How the power of the crowd will transform business
One revolution that’s in the making today is that of the crowd. There’s lot of literature around it but it hasn’t yet transformed business in the way i think it inevitably will.
The staffing industry today is a whopping $450 Bn market. Of that only a mere $1Bn has been captured online. That’s 0.2% penetration.
If we compare that with commerce which leads services, there’s somewhere between 10-15% of the total value of commerce transacted online today and that’s projected to increase to over 50% in the next decade.
In relative terms the market of eServices is where eCommerce was in 1996!
So there is little doubt that this will grow liver time. The question is how will it impact business? And why hasn’t it already taken off in a much bigger way
Well first its because businesses are stuck in old ways of doing business. Old habits die hard especially with larger businesses. Which is why those that have adopted the power of the crowd are the startup & tech communities and the SMB sector that’s more nimble
The real transformation however will come when that trickles up into corporate America.
And for that to happen there is still a lot of friction that needs to be removed to embrace mass adoption.
Just as the first wave in commerce was getting inventory online and building tools that allow that inventory to become discoverable and then deliverable, the same will happen with services.
Currently we are just at the phase of getting inventory online, making it discoverable and building workflows which are the equivalent of a distribution system in commerce. They get the stuff from provider to customer.
Unlike in commerce however where one distribution system can be leveraged to massive scale to deliver anything from a hair pin to a kitchen table in very much the same way, in services the difficulty is that bespoke workflows are needed across that spectrum of end deliverables.
The way a logo gets done online is not the same way a building or urban area is designed.
And I have no doubt that all work will have a touch point online and on mobile devices within a decade. They may not be executed 100% in the cloud but for sure the cloud will be leveraged to make the process smarter, more efficient and get a better result.
The reason i have no doubt this will happen is that it just delivers orders of magnitude value creation to the customer. And whenever that happens its like gravity. Water will trickily down the mountain eventually, how fast it gets to the sea will depend on how high the mountain is and the obstacles met on the way. But you cannot defy gravity for ever
So what lies ahead for eServices ?
I think that a portfolio of tools will become mainstream in business much like apps today that have in such a short time become indispensable to us, from Gmail to tools for perfuming surveys, managing our notes like Evernote, Skype and so much more
I believe that we will have a series of such tools that plug into the power of the crowd in the cloud in different ways. Its like having expertise on tap. You just turn it up when you need more and down when you don’t.

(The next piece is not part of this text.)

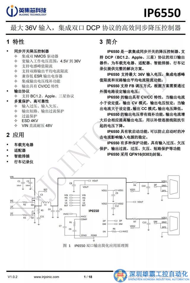 用于降壓輸出的同步整流降壓控制器來自英集芯,型號為IP6550,是一款支持36V輸入的同步降壓控制器,內置NMOS管驅動,外置兩個MOS管進行高效同步整流降壓。IP6550通過反饋引腳調節(jié)輸出電壓。開關頻率135KHz,輸入端耐壓48V,內置完善的保護功能。英集芯IP6550采用3*3mm QFN16封裝,可實現簡化的同步降壓轉換電路設計。

Today the accepted dogma is that online means cheaper. It’s associated with cost saving. That’s what the thesis for commerce was as well a decade ago. Now that’s shifted to convenience, diversity and speed. eCommerce companies are racing to go more hyper local, more real time and offline and online are converging.
These are trends that i think make a lot of sense and will happen in eServices as well. Hyper-locality, speed, diversity and convenience bundled together will bring 10x value generation to the customer to the point where price is irrelevant.
What are we at PeoplePerHour doing about this ?
Our business is entering a nice turning point today where its going from a startup to a sustainable, mature business, which is growing via network effects. It took us a good 5 years to get there
The next goal for us is to prove that we can deploy creative destruction in this space. Reinvent ourselves again and again so that we can lead by innovation. Develop all these tools that I mention above which are bound to be invented and bound to disrupt business.
This is no easy feat. But if it was it wouldn’t be so interesting. An easy challenge is not worth getting out of bed for.
2014 began with this goal in mind. And I feel reborn again. Ready for new products launches, new challenges, to reinvent and disrupt.